Results: On average, 40% cell loss was observed when loading samples to the DEPArray system. Expected mutations in clinically relevant markers could be obtained for 60% of single recovered tumour cells and all groups of tumour cells. Reliable gene expression profiles were obtained from single cells and groups of up to 10 cells for 2 out of 3 spiked breast cancer cell lines.

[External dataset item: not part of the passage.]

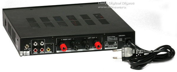 Наряду с разъёмом для подключения наушников, на лицевой панели есть ещё и гнездо для подключения, например, гитары. Впрочем, заядлым гитаристам обольщаться не стоит. Кроме уровня входящего сигнала усилитель позволяет изменить лишь уровень эха, для которого на лицевой панели тоже имеется своя ручка регулировки. Ну и пару слов стоит сказать о встроенном MP3-плеере, органы управления которым на лицевой панели вынесены в отдельный блок. Здесь есть USB-разъём для подключения носителя с MP3-файлами и три маленькие кнопки управления проигрыванием с коротким и очень тугим ходом. Пользоваться ими не слишком удобно, поэтому стоит пожелать разработчикам оснастить новые версии усилителя хотя бы самым простым миниатюрным ИК-пультом для управления плеером. Ну а в самом правом углу лицевой панели расположена кнопка подключения режима MP3-проигрывателя.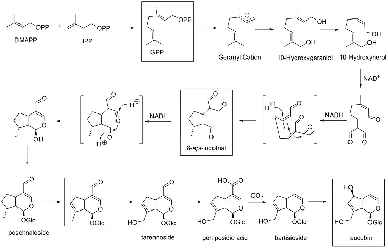 | Nom UICPA | (2S,3R,4S,5S,6R)-2-[-(1S,4aR,5S,7aS-5-hydroxy-7-(hydroxyméthyl-1,4a,5,7a-tétrahydrocyclopenta-[c]-pyran-1-yl]-oxy]-6-(hydroxyméthyl)-oxane-3,4,5-triol |

Conclusion: We describe a semiautomated workflow for the isolation of small groups of 1 to 10 tumour cells from whole blood samples and provide proof of principle for the feasibility of their comprehensive molecular characterisation.

Figure 1

Schematic of overall experimental workflow. Step 1: Tumour cells of three different human cultured breast cancer cell lines were spiked in healthy donor blood at a concentration of 10³ tumour cells per 7.5 ml whole blood. Step 2: Tumour cells were immunomagnetically enriched using either the CellSearch CTC kit or the CellSearch Profile kit followed by a manual staining procedure. Step 3: Cells were reconstituted in a final volume of 14 μl and loaded in a DEPArray cartridge. Step 4: Analysis and sorting procedures were performed on the DEPArray system. Step 5: Single cells and groups of cells of interest were isolated with the DEPArray system. Step 6: Mutation or transcriptional analysis of isolated tumour cells.

Figure 2

Composite image gallery showing staining characteristics of MDA-MB-231 cells and WBCs from a CellSearch cartridge after immunomagnetic enrichment with the CellSearch CTC kit visualised on the DEPArray system. (A) Tumour cells were defined using standard CellSearch CTC criteria being (1) round to oval shape, (2) presence of a clear DAPI-stained nucleus, (3) at least 50% overlap between the CK-PE-positive cytoplasm and the nucleus and (4) CD45-APC negativity. Separate images for PE, DAPI and APC fluorescence and bright field channels and merged CK-PE/DAPI and CD45-APC/DAPI images of three single MDA-MB-231 cells (top 3 rows) and two WBC (bottom 2 rows) are shown. (B) Scatter plot of mean fluorescence intensities for CK-PE (y axis) and CD45-APC (x axis) staining by the DEPArray software. Rectangular gates can be applied to aid quick identification of cells or populations of cells for cell sorting. Green dots represent CK+/CD45− MDA-MB-231 cells selected by the user. Red dots represent CK−/CD45+ WBCs. Grey dots represent unselected events.

Figure 3

Composite gel images of Ampli1 QC end-point PCR products of Ampli1 whole-genome amplified DNA of five single MDA-MB-231 tumour cells and two groups of tumour cells and WBCs used for KRAS mutation analysis, analysed on the Agilent 2100 Bioanalyzer. Genomic DNA of samples was considered to be successfully amplified if both of two control genomic DNA sequences were visualised. In this example, no amplification product was obtained in two single-cell samples and both negative control samples. No mutated or wild-type allele sequences were detected with the Therascreen KRAS mutation test in both single-cell samples that failed to pass Ampli1 amplification check (Table 3, experiment 1). NTC=negative template control; TC=tumour cell; WBC=white blood cell.

Figure 4

(A) Composite image gallery of MDA-MB-231 cells, MCF7 cells and WBCs from manually stained CellSearch Profile samples visualised on the DEPArray system. Images of a single MCF7 cell showing faint EPCAM-PE staining (row 1), a single MDA-MB-231 cell showing no EPCAM staining (row 2) and two EPCAM-/CD45+ WBCs (rows 3 and 4) are shown. (B) Unsupervised hierarchical clustering analysis comparing gene expression profiles of 1 to 10 MDA-MB-231 cells, MCF7 cells and WBCs isolated from spiked blood samples with the CellSearch Profile kit and the DEPArray system and corresponding positive control samples (PC). Data have been subjected to median normalisation for each individual marker across all samples. Red colour indicates a transcript level above the median and green colour indicates a transcript level below the median of the particular assay as measured in all samples. (C) Boxplots of normalised gene expression values of 1 to 10 MDA-MB-231 and MCF7 cells and two groups of 10 WBCs for the 9 marker transcripts. PC=positive control sample cDNA of 3–5 million MDA-MB-231 cells harvested from the same culture flask as the one used to perform the isolation of single cells and groups of tumour cells); NTC=negative template control; TC=tumour cell(s); WBC=white blood cell.